“This is the 15th day of my participation in the Gwen Challenge.

The principle of multiple linear regression is essentially the same as that of unary linear regression, but because multiple linear regression can take into account the influence of multiple factors on target variables, it is more widely used in commercial practice.

Multiple linear regression models can be expressed as the following formula.

Where x1, x2, x3… Are different characteristic variables, k1, K2, k3…… Is the coefficient before these characteristic variables, and k0 is the constant term.
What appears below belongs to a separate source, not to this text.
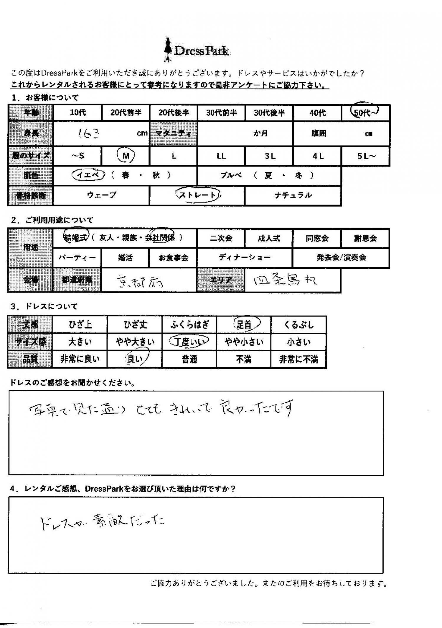 京都府 S.K様163㎝ Mサイズ #50代~#M/L#160~164㎝#結婚式(会社関係)#京都府 ◆レンタルしたドレスはこちら ◆レンタルしたサイズは:M ◆レンタルした日付:2025/11/22 ドレスの着用感 ◆点数: (5点) ◆丈感:足首 ◆サイズ感:丁度いい ◆品質:良い ◆肌色:イエベ ◆骨格診断:ストレート ドレスの感想 写真で見た通りとても綺麗でよかったです。 レンタルのご感想、DressParkをお選び頂いた理由 ドレスが素敵だった。 CUSTOMER REVIEWS お客様の声 気になるカテゴリー別にご利用の感想をチェック! ◆AGE 年代で見る 10代 20代 30代 40代 50代~ ◆SIZE サイズで見る SS/S M/L 大きいサイズLL~ ◆HIGHT 身長で見る 140~149㎝ 150~154㎝ 155~159㎝ 160~164㎝ 165~169㎝ 170㎝以上 ◆マタニティ ~3か月 4~6か月 7~8か月 9~10か月 ◆肌色 イエベ ブルべ ◆骨格診断 ウェーブ ストレート ナチュラル ◆利用シーン 結婚式(友人) 結婚式(親族) 結婚式(会社関係) 二次会 成人式 謝恩会 パーティー その他 CUSTOMER REVIEWS都道府県別お客様の声 都道府県別にのお客様の声をチェック! 北海道 青森県 岩手県 宮城県 秋田県 山形県 福島県 茨城県 栃木県 群馬県 埼玉県 千葉県 東京都 神奈川県 新潟県 富山県 石川県 福井県 山梨県 長野県 岐阜県 静岡県 愛知県 三重県 滋賀県 京都府 大阪府 兵庫県 奈良県 和歌山県 鳥取県 島根県 岡山県 広島県 山口県 徳島県 香川県 愛媛県 高知県 福岡県 佐賀県 長崎県 熊本県 大分県 宮崎県 鹿児島県 沖縄県 CUSTOMER REVIEWSエリア別お客様の声 都道府県別にのお客様の声をチェック! 札幌 仙台 名古屋 軽井沢 金沢 神戸・芦屋 博多 那覇 梅田・新大阪 難波・心斎橋 鎌倉・湘南 横浜・みなとみらい 舞浜・浦安・幕張 大宮・浦和 青山・表参道 六本木・麻布 渋谷・恵比寿 新宿 池袋 銀座・丸の内 お台場・汐留 鹿児島市 郡山市 福島市 東予 甲府・石和 LINEでお問い合わせ このサイトではJavaScriptを使用しています

The multiple linear regression model is also built to obtain appropriate coefficients through mathematical calculation to minimize the sum of squares of residuals as shown below

Mathematically, the least square method and gradient descent method are used to solve the coefficient, and its core code is actually consistent with unary linear regression, as shown below.
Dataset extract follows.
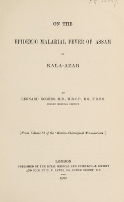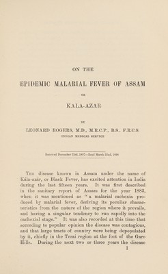On the epidemic malarial fever of Assam or kala-azar / by Leonard Rogers.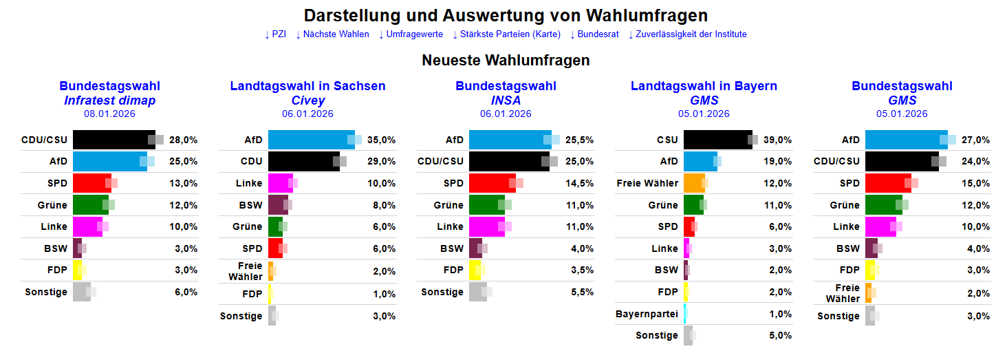Aktuelle Wahlumfragen & ab 20.12.2024 kumuliert

from sklearn.linear_model import LinearRegression
regr = LinearRegression()
regr.fit(X,Y)
Copy the code

The difference between the above code and the unary linear regression code is that X contains multiple characteristic variable information. Multiple linear regression can be used to build more abundant and practical models, for example, to predict salary according to the length of service, region, industry and other factors, and to predict housing price according to the size of the house, location, proximity to the subway and other factors.
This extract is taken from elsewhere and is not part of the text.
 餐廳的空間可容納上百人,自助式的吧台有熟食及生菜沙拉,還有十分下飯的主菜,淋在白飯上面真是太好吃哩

Customer value forecasting model

1. Case background

Take the customer value of credit card customers as an example to explain the specific meaning of customer value prediction

2. Read the data

Read the relevant data through the following code. More than 100 groups of existing customer value data are selected here, some of which are preprocessed simply.

Import pandas as pd df = pd.read_excel(' XLSX ') df.head()Copy the code

The first five lines of the print are as follows. “Customer value” is listed as one-year customer value, that is, the income that can be brought to the bank in one year; The data in the “education background” column has been preprocessed, in which 2 represents high school education, 3 represents undergraduate education, and 4 represents graduate education. In the Gender column, 0 indicates female and 1 indicates male

In this case, the last 5 is listed as independent variable, and “customer value” is the dependent variable. Independent variable and dependent variable are selected by the following code.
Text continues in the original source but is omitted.